The workshop investigates how particular understandings of health and illness are shaped by events, ideas and issues beyond the local.

Long Abstract:

Today's increased and rapid movement of people, items and ideas encourages processes of attributing meaning to local events by social groups through reference to global ideas and international events. How health and illness are understood locally also depends considerably on what originates from or happens beyond the local. This workshop investigates how events, ideas and issues beyond the local shape popular understandings of health and illness in local social settings. We invite papers that discuss methodological and theoretical issues pertinent to the study of such processes, and describe and analyse particular examples. The study of how the local and the global coexist, merge, conflict and evolve, and what methodological and theoretical consequences can be drawn from such processes, deserves special attention.
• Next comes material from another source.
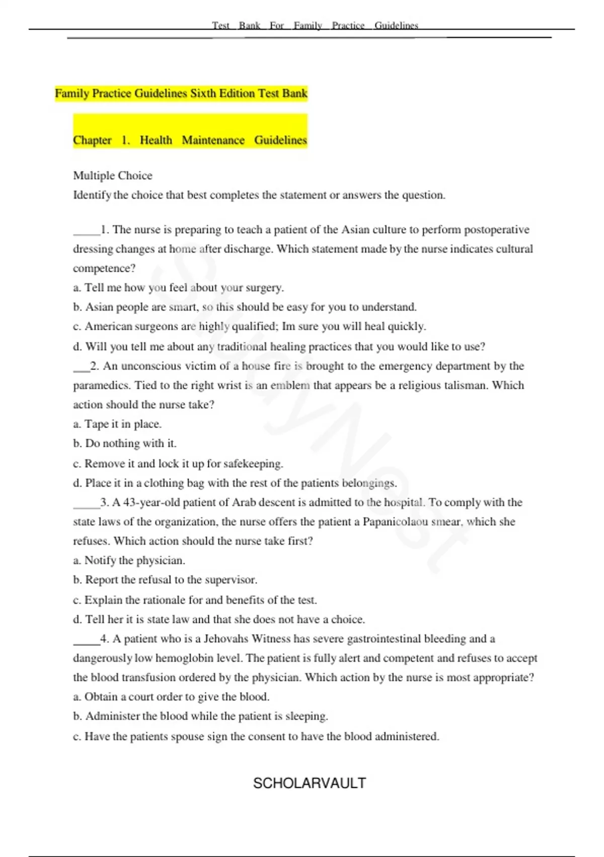 Family Practice Guidelines Sixth Edition Test Bank

Our interest implies centre and periphery relationships from different angles, problems of migration, uprootedness, cultural bereavement and new identities in the context of multiculturalism, etc. We pay attention to such diverse issues as politics, economy, religion, human rights, and so on. Following the lead of this year's theme we are particularly interested in the influence of European issues on how social groups outside Europe understand health and illness. It is crucial to investigate also how these issues are spread, for instance through political, economic or other agents, mass media, migration, and so on. It is worthwhile also to focus on reverse processes, namely how perceptions, which were shaped through the interaction of the local with the global outside Europe, are then returning to Europe and influencing European perceptions of health and illness. This is particularly relevant for alternative forms of healing which can be observed all over Europe.